If that improves performance, you will benefit from VBOs.

3Mpolys/s isn’t shabby, but the Gf2 should be able to do more.

[This message has been edited by zeckensack (edited 11-27-2003).]

I am going to go back and try display lists again. Initially, they seem to offer no speed improvement. I read a thread which said display lists should not include everything, but that there should be multiple display lists.

I wish I could combine my vertex array + display list, since my vertex array rendering code is much cleaner than my immediate code
renderer. Perhaps, I will skip to VBO directly.


A single display list isn’t the ultimate solution. I made the suggestion because it’s quite easy to drop into the code.

The parallel here is that VBOs allow you to store geometry in driver-managed buffers, ie graphics card memory.
DLs often provide graphics memory buffers for geometry, too, so the transfer bandwidth is roughly the same between the two.

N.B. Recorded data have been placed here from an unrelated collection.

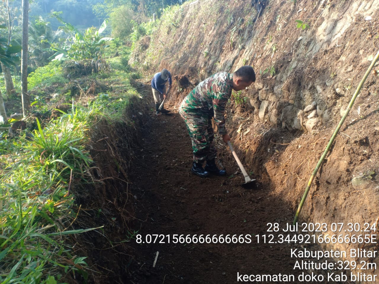 Blitar – Babinsa Koramil 0808/13 Doko Kodim 0808/Blitar Sertu Supriendi dan warga masyarakat, melaksanakan kegiatan kerja bakti dan gotong royong bersama membangun saluran irigasi, bertempat di Desa Plumbangan Kec. Doko Kab. Blitar, Jumat (28/7/2023).
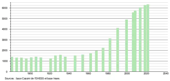 L'évolution du nombre d'habitants est connue à travers les recensements de la population effectués dans la commune depuis 1881. Pour les communes de moins de 10 000 habitants, une enquête de recensement portant sur toute la population est réalisée tous les cinq ans, les populations légales des années intermédiaires étant quant à elles estimées par interpolation ou extrapolation[24]. Pour la commune, le premier recensement exhaustif entrant dans le cadre du nouveau dispositif a été réalisé en 2008[25].
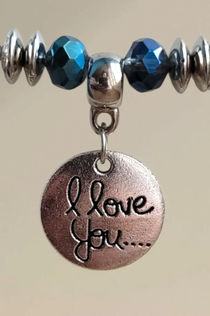 Bracelet Bleu et argenté Breloque "I Love You" Jamais porté Bonjour à toutes et tous 🤗, Bienvenue sur mon dressing ! Ici vous trouverez des articles en tous genres, toutes tailles et aux styles variés. Il y en a pour tout le monde 🙂. Tout est disponible . En ce qui concerne les vêtements, tout est en parfait état voire neuf. S'il y a toutefois un défaut, je le mentionne dans l'annonce. Maison non fumeurs , sans animaux . Je vais au relais tous les 2 ou 3 jours. Votre colis vous parviendra rapidement. Il arrive malheureusement parfois que les acheminements prennent du retard. Si c'est le cas, j'en suis navrée par avance j'aurais tout fait pour pouvoir vous satisfaire. Les vêtements sont portés sur chaque annonce. S'ils ne le sont pas, c'est qu'ils ne me vont plus. Je suis désolée, je n'ai pas trouvé de remède miracle 😅. Je suis ouverte aux négociations, vendeur pro ne signifie pas prix exhorbitants 😏. Je ne fais pas de réservations, ça c'est la faute aux acheteuses fantômes 👻 En espérant que vous trouverez votre bonheur, à très vite😊 #dpp_bijoux

In the long run, VBOs are better in almost every way imaginable (for geometry storage; there are some other nice things display lists can do for you).

>>General suggestions? Why am I performing so slowly.<<

You didn’t tell how big the polygons are.
A GeForce II should be able to transform 15 MVertices/s.
Does it get faster if you shrink your window? Then you’re fillrate bound.
If not,

  • check the vendor, not NVIDIA? => check your pixelformat code, reinstall graphics driver.
  • check renderer string, no AGP?, => reinstall chipset drivers.

Thanks for responding.

Window size makes little difference.
Polygons can be huge, small, their all normalized to within 1-5 units.

I went ahead and implemented VBOs, but they also seem to offer no performance improvement.

Perhaps, this is a result that I passed all indices in as a GL_UNSIGNED_INT list( 300K+).
The only other thing I can try is to break it up to 65K blocks, and use GL_UNSIGNED_SHORT.
But this is looking just like display lists.


New hardware: Geforce 5600 Ultra:
WITH new hardware:

glDrawElements + VBO

~300K polygons
10 fps ( same as GeforceII) ( point to CPU being limiting factor )

I used interleaved array, glDrawArrays, and this tripled frame rates.

~30 fps

HOWEVER, memory usage doubled. This seems to point to the fact, that opengl is not copying my geometry to Video Memory( about 20MB).
How can I force opengl to use video memory,
and/or AGP memory w/ VBO.

UPDATE:I ran the same interleaved code using
regular vertex array, ie buffer allocated in system memory and
~15 fps.

Even taking a best approach: VBO+Interleaved
I only get 9-10 Million Triangles / sec.
This is with infinite viewer, shading = flat,
light model.

Anyone have any tips for better performance!
(I know about tri-strippification, but that cause visual problems!)


[This message has been edited by maximian (edited 11-29-2003).]

[This message has been edited by maximian (edited 11-29-2003).]

Wonderful. Now I hit a new problem.

I use the actc library to stripify my meshes.
But using this with glDrawArrays, results in a large number of triangle strips(relatively speaking), which actually slow down my rendering performance. Anybody know, how I can avoid the following loop with a triangle strip list.

for( i = 0 to numStrips )

Using the recommended 20ish primitives per strip caused it go process even slower.
Probably because of the all functions calls and overhead.